А вот это было уже нечестно.
— Или тебя выдернут на фронт!
— В отличие от меня, ты можешь сказать «нет».
— Я не могу сказать «нет», Эни. Я служу Республике, и…
— Ты можешь сказать «нет», — он повернулся к ней наконец. Смотрел хмуро. — Ты просто не хочешь. Я знаю о чем говорю, это большая разница.
Ну хорошо. Хорошо. Она не станет злиться. Он ведь действительно не понимает, и не может понять всей ответственности законодателя. Не может понять, что это такое — когда от твоих решений зависят столько жизней, и ты обязан решить верно… Ты старше, Падме Амидала, будь мудрее.
— О чем мы на этот раз спорим? — спросила она. — О гипотетическом срыве гипотетически возможного гипотетического отпуска?

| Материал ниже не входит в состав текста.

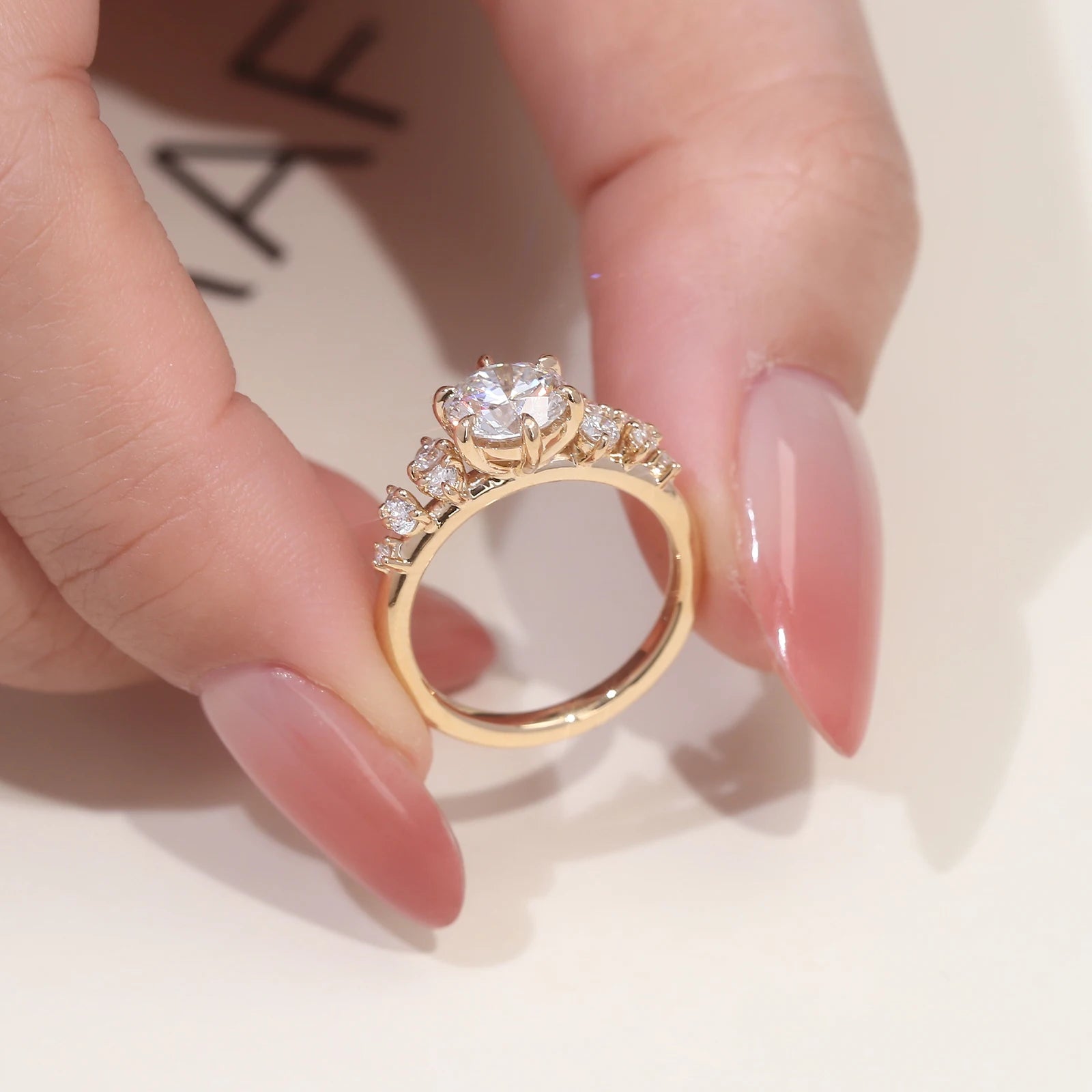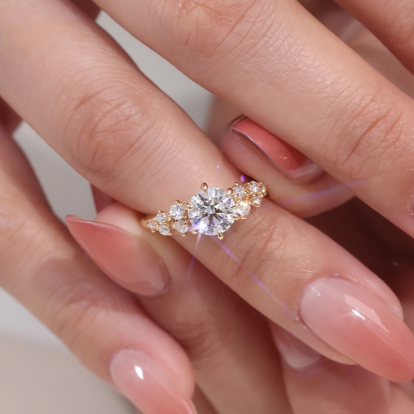 Perfect Gold Round 10K–14K -Cut 1CT VVS Moissanite Flower Engagement Ring
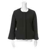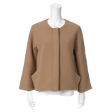 立体的なシルエットがかわいらしいノーカラーのジップアップジャケットです。ハリのあるダブルフェイス素材を使用し、丸みのある形に仕上げました。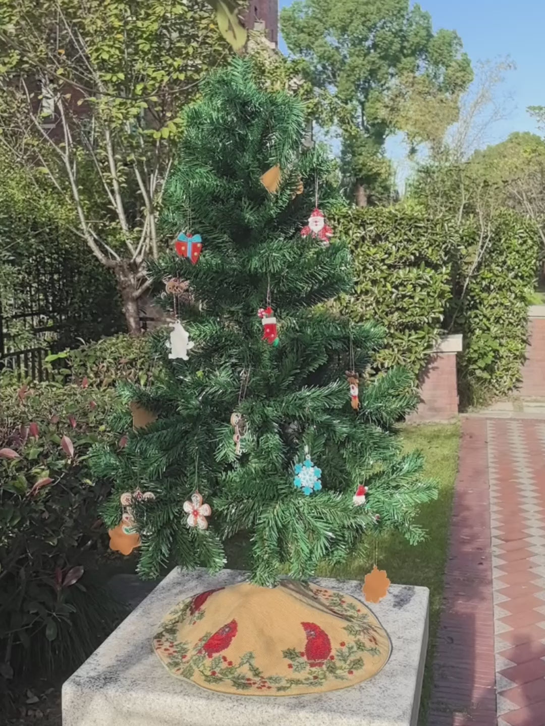 22-Inch 100% Wool Hand-Embroidered Christmas Tree Skirt – Luxury Handmade Holiday Decoration for Rustic, Farmhouse, Classic Christmas Décor

Он фыркнул, тряхнул головой и вздохнул.
— Я зол, — признался он и шагнул к ней. — Потому что улетать через пять часов, а ты даже не рада меня видеть.
— Я рада.
— Неужели?
— Эни, я на работе, и это очень важно…
— Все всегда очень важно, — он упер ладони в стол и наклонился к ней. — Кроме того, что важно на самом деле. Эта твоя говорильня никуда не денется. Мы умрем, а она останется.
Падме вздрогнула.
— Мы не…
— Все умирают, — у него было очень, слишком спокойное лицо. — И мы тоже умрем. А твой Сенат будет продолжать болтать. И продолжать болтать. Он перестанет, только если его разогнать к хаттовой матушке, но и тогда он соберется в изгнании и продолжит болтать.
Он был так близко, что она чувствовала теплоту дыхания. И запах жвачки «абсолютная свежесть». Падме улыбнулась.
— Ты очень драматизируешь. И что же важнее Сената, по-твоему?
— Я тебя люблю, — сказал он. — И мне улетать через пять часов. И я не знаю, что у вас показывают новости, но там… — Он поморщился. — Там все иначе.
— Я не могу с тобой сбежать, — сказала Падме с сожалением. — У меня заседание через полчаса. Почти до ночи. Это правда очень важно, и я не могу, совсем не могу удрать, я подавала этот билль, я — главный спонсор. Но потом я вырвусь…
— На часик. Может быть.
— Я постараюсь… Эни?
— Постараюсь — это очень мало, — сказал Энакин и поцеловал ее.
Совсем не так, как иногда целовал ее в этом же кабинете. Так, как целовал ее в спальне. Пропихнув язык ей в рот, пытаясь выпить ее дыхание, выпить ее всю.
— Невкусно, Эни, — она едва вырвалась, — я ненавижу эту жвачку. И ты смажешь мне весь макияж.
И удержалась, и не облизала губы. Но вряд ли это его обмануло…
— Это правда все, что тебя сейчас волнует? — он фыркнул ей в ухо. Падме закусила губу. Нет, это не все, что ее сейчас, вот прямо сейчас волновало, но… Но…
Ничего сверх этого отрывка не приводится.